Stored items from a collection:
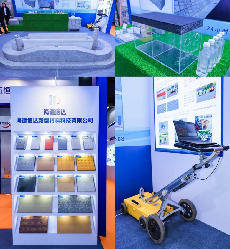 本次展會中,集團重點呈現(xiàn)了海德信達新型材料與道路養(yǎng)護雷達探測兩大業(yè)務板塊。其中,全資子公司青島海德信達新型材料科技有限公司的參展產(chǎn)品備受矚目,利用石墨尾礦、建筑垃圾固廢生產(chǎn)的仿石路沿石、裝配式排水溝等新型建材,既傳承了天然石材的自然質感,又兼具耐久性與環(huán)保性,實現(xiàn)了環(huán)保理念與工程品質的完美融合,成為天然石材的優(yōu)質替代選擇。作為山東省新型城鎮(zhèn)化重點項目、新舊動能轉換優(yōu)選項目,海德信達擁有全國領先的設備生產(chǎn)線,主打產(chǎn)品涵蓋仿石系列建材、預制管廊、商品混凝土及建筑垃圾回收處置再利用等,憑借施工便捷、低碳環(huán)保、可回收利用等優(yōu)勢贏得廣泛關注。此外,集團針對地下空間開發(fā)引發(fā)的塌陷隱患推出的道路養(yǎng)護雷達探測服務,通過地質雷達檢測車系統(tǒng)快速掃描路面下病害體,精準分析并提供診治方案,為道路安全治理提供科學支撐。
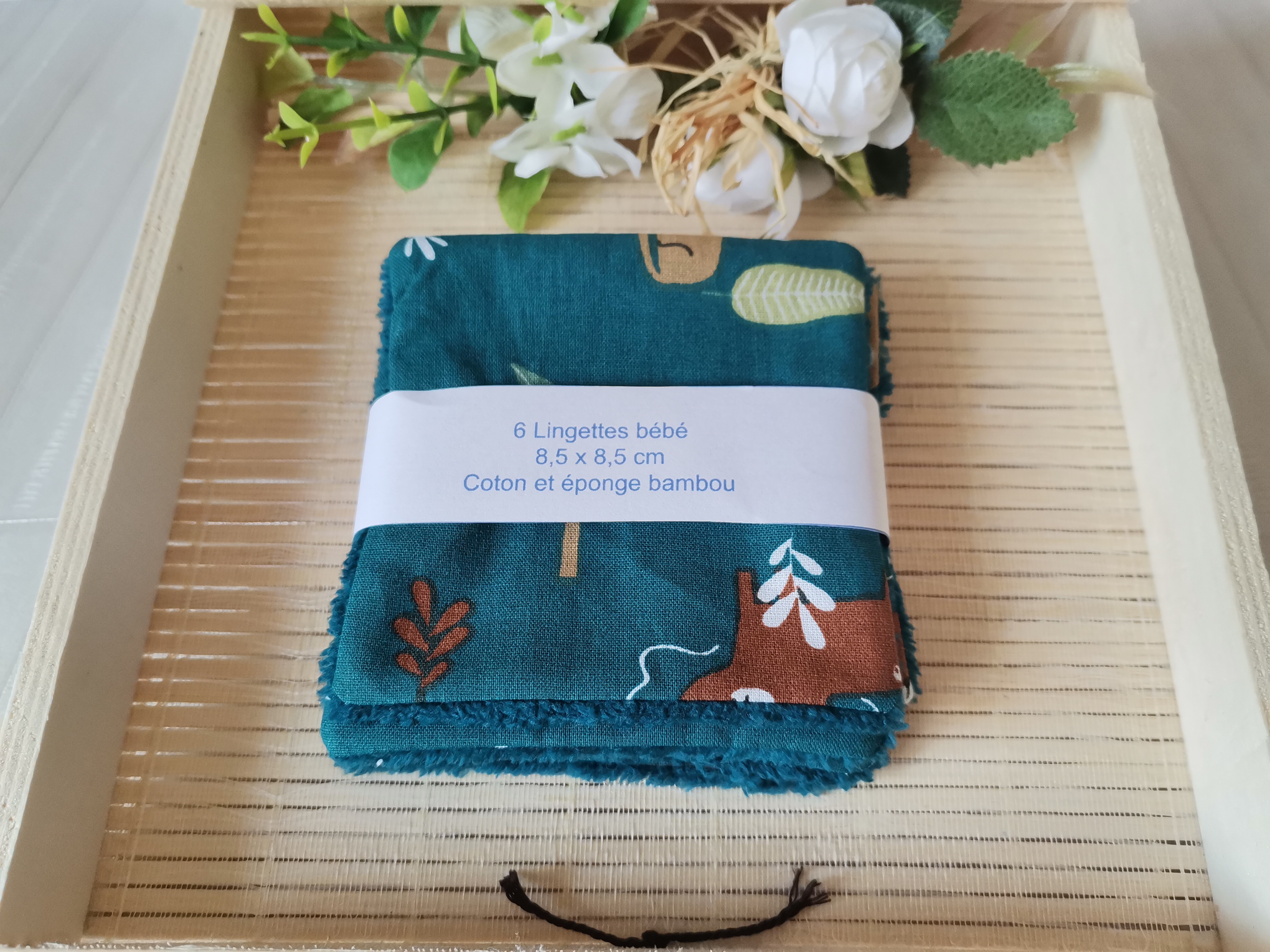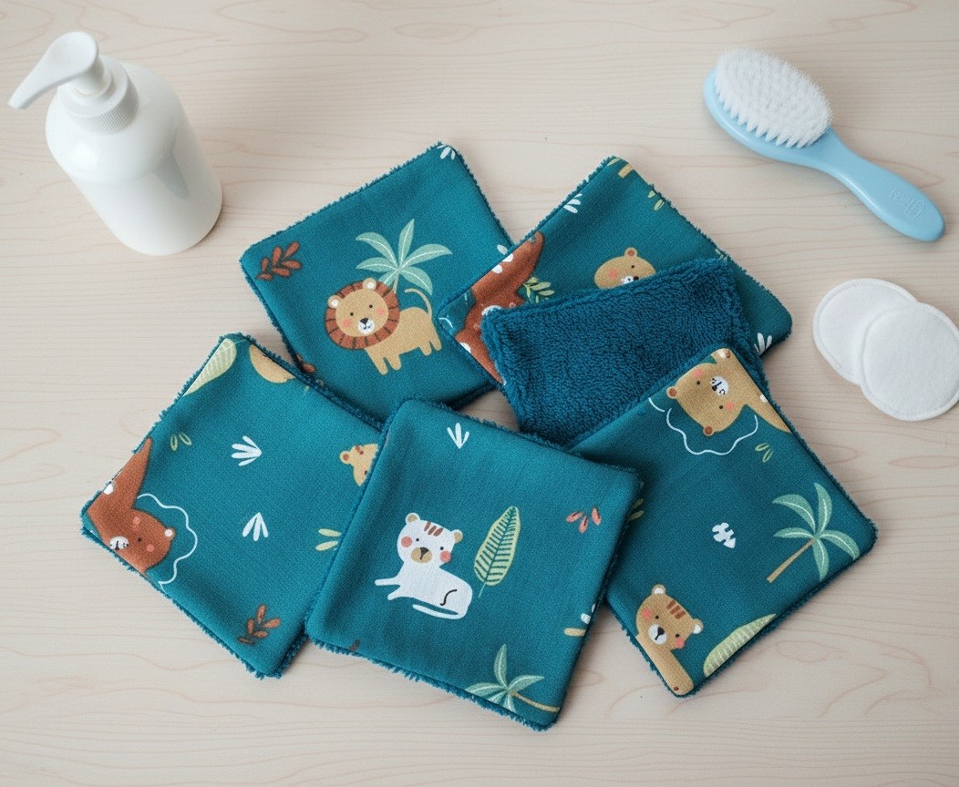 Une face coton certifié Oeko-Tex motifs animaux et l'autre face en éponge bambou de couleur turquoise
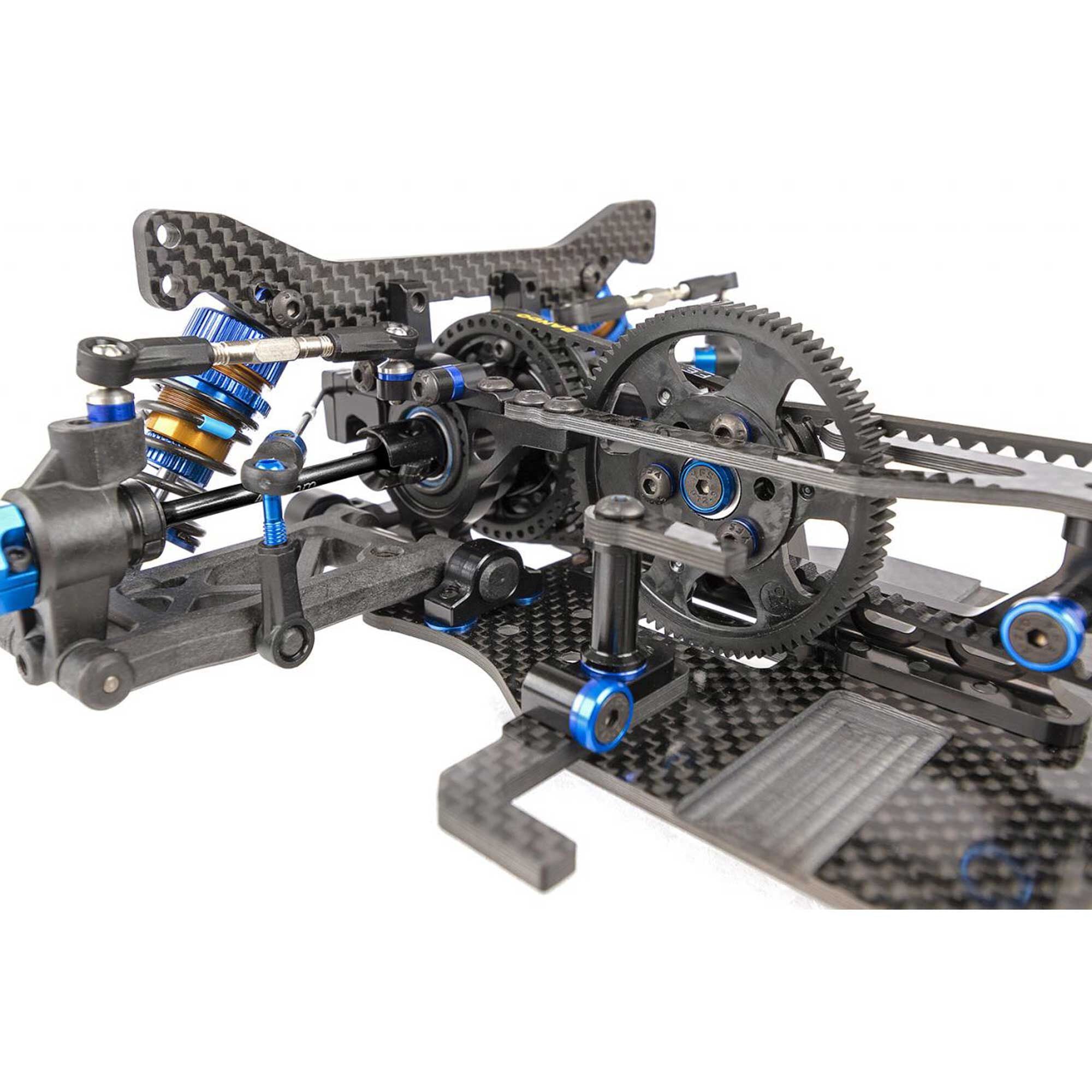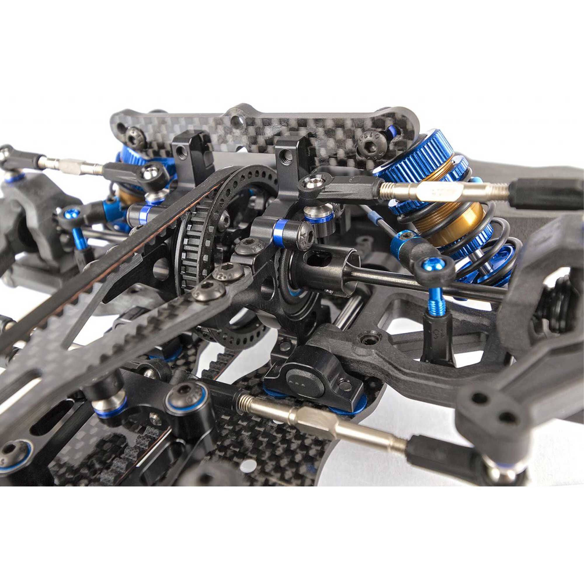 Due to ongoing R&D, photos may not match final kit. RC10TC7 Factory Team Kit shown on these pages equipped with items NOT included in kit: Reedy motor, battery, ESC, servo, receiver, wheels, tires, body, and pinion gear. Assembly and painting required.
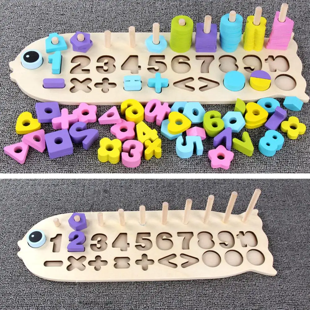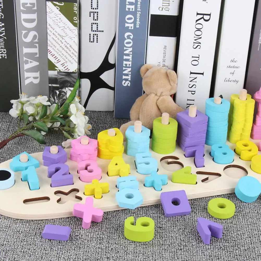 Children Wooden Materials Learning To Colors Count Numbers Matching Digital Shape Match Early Educa
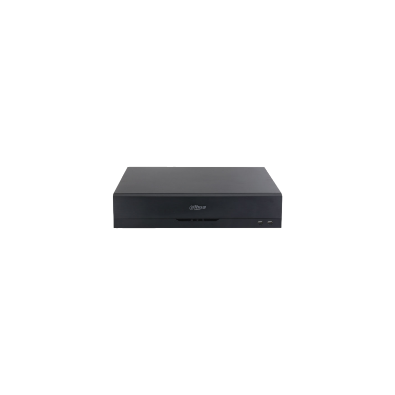 NVR Dahua WizSense de 32 canales con 16 puertos PoE, resolución de hasta 32MP, inteligencia artificial avanzada desde grabador y cámara para análisis facial, metadatos, reconocimiento de matrículas ANPR, SMD Plus, conteo de personas, mapa de calor, control de EPI y más, salidas de vídeo 8K, soporta 8 discos duros con RAID y tecnología ePoE.
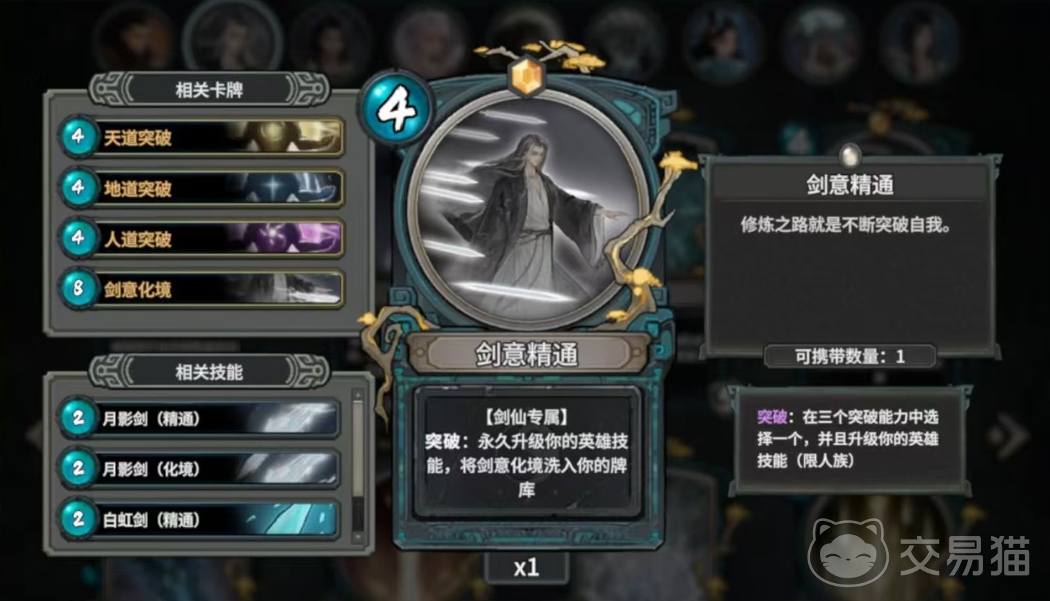第3张牌是飞剑阵,当使用招式后造成三点伤害,随机分配给所有敌方单位,这张牌经常用于创造奇迹,也是玩招式剑卡组中不可缺少的一张牌,缺点在于4费比较拖节奏。第4章突破,属于剑仙专属,突破后永久升级英雄技能,将建议剑意洗入牌库。突破指的是在三个突破能力中选择一个并且升级英雄,是属于人族专属能力。可以说剑仙的突破还是非常不错的,剑仙一技能三阶真的非常强,只要对面有杂鱼怪,就可以打出高额的伤害。虽然突破也有点拖节奏,但是三阶突破技能强,所以评分很高。
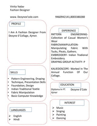 Vinita Yadav Fashion Design Student Nsqf Level 5
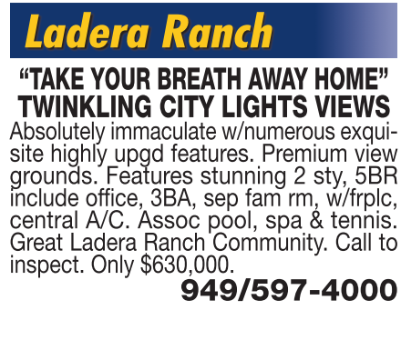 “TAKE YOUR BREATH AWAY HOME” TWINKLING CITY LIGHTS VIEWS Absolutely immaculate w/numerous exquisite highly upgd features. Premium view grounds. Features stunning 2 sty, 5BR include office, 3BA, sep fam rm, w/frplc, central A/C. Assoc pool, spa & tennis. Great Ladera Ranch Community. Call to inspect. Only $630,000.
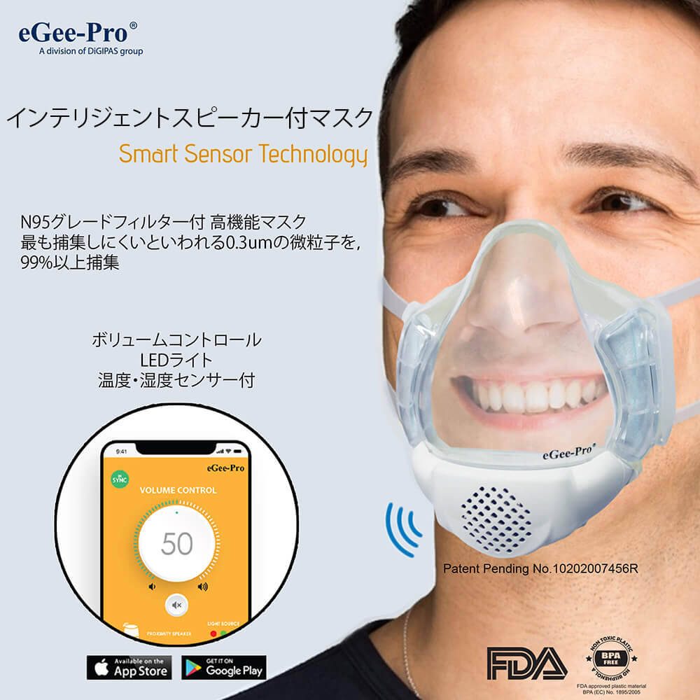 世界各国で長引くコロナ禍においてN95規格と同グレードの高機能抗菌3層式フィルターレフィルが付いたeGee-Pro® 繰返し使える軽量マスクに続き、対話やコミュニケーションを円滑に行える高機能フィルター付きのスピーカー付マスクをリリースしました。透明カバーで表情が見える上、スピーカーモジュールで音量を調整できます。マスク本体はゆったりサイズで顔面と接触する部分だけが柔らかクッションになっているので、顔面とマスクの隙間を最小限にして飛沫の飛散や吸入を防ぎます。男女問わず着用いただけます。
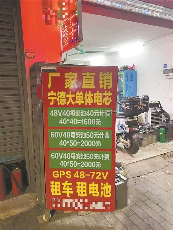 在店铺二楼的仓库里,记者看见地上堆放着数十块外壳贴着“宁德时代”字样的电池,这些电池均由数十块单体电芯拼装而成,“48V的13片电芯,60V的17片电芯,装几片都是能算出来的嘛。”陈先生介绍道。记者以想做换电生意为由与店主陈先生攀谈,询问这么做是否会有风险时,陈先生没有正面回应,而是以“我都开了这么多年了(没出过事)”作答。

Problem details: Only the lines above from the one with "Due to ongoing" to the one with "inspect. Only $630,000." should be printed, both included and exactly as written; no picture belongs in the copy.

Solution to this exercise:
 Due to ongoing R&D, photos may not match final kit. RC10TC7 Factory Team Kit shown on these pages equipped with items NOT included in kit: Reedy motor, battery, ESC, servo, receiver, wheels, tires, body, and pinion gear. Assembly and painting required.
 Children Wooden Materials Learning To Colors Count Numbers Matching Digital Shape Match Early Educa
 NVR Dahua WizSense de 32 canales con 16 puertos PoE, resolución de hasta 32MP, inteligencia artificial avanzada desde grabador y cámara para análisis facial, metadatos, reconocimiento de matrículas ANPR, SMD Plus, conteo de personas, mapa de calor, control de EPI y más, salidas de vídeo 8K, soporta 8 discos duros con RAID y tecnología ePoE.
第3张牌是飞剑阵,当使用招式后造成三点伤害,随机分配给所有敌方单位,这张牌经常用于创造奇迹,也是玩招式剑卡组中不可缺少的一张牌,缺点在于4费比较拖节奏。第4章突破,属于剑仙专属,突破后永久升级英雄技能,将建议剑意洗入牌库。突破指的是在三个突破能力中选择一个并且升级英雄,是属于人族专属能力。可以说剑仙的突破还是非常不错的,剑仙一技能三阶真的非常强,只要对面有杂鱼怪,就可以打出高额的伤害。虽然突破也有点拖节奏,但是三阶突破技能强,所以评分很高。
 Vinita Yadav Fashion Design Student Nsqf Level 5
 “TAKE YOUR BREATH AWAY HOME” TWINKLING CITY LIGHTS VIEWS Absolutely immaculate w/numerous exquisite highly upgd features. Premium view grounds. Features stunning 2 sty, 5BR include office, 3BA, sep fam rm, w/frplc, central A/C. Assoc pool, spa & tennis. Great Ladera Ranch Community. Call to inspect. Only $630,000.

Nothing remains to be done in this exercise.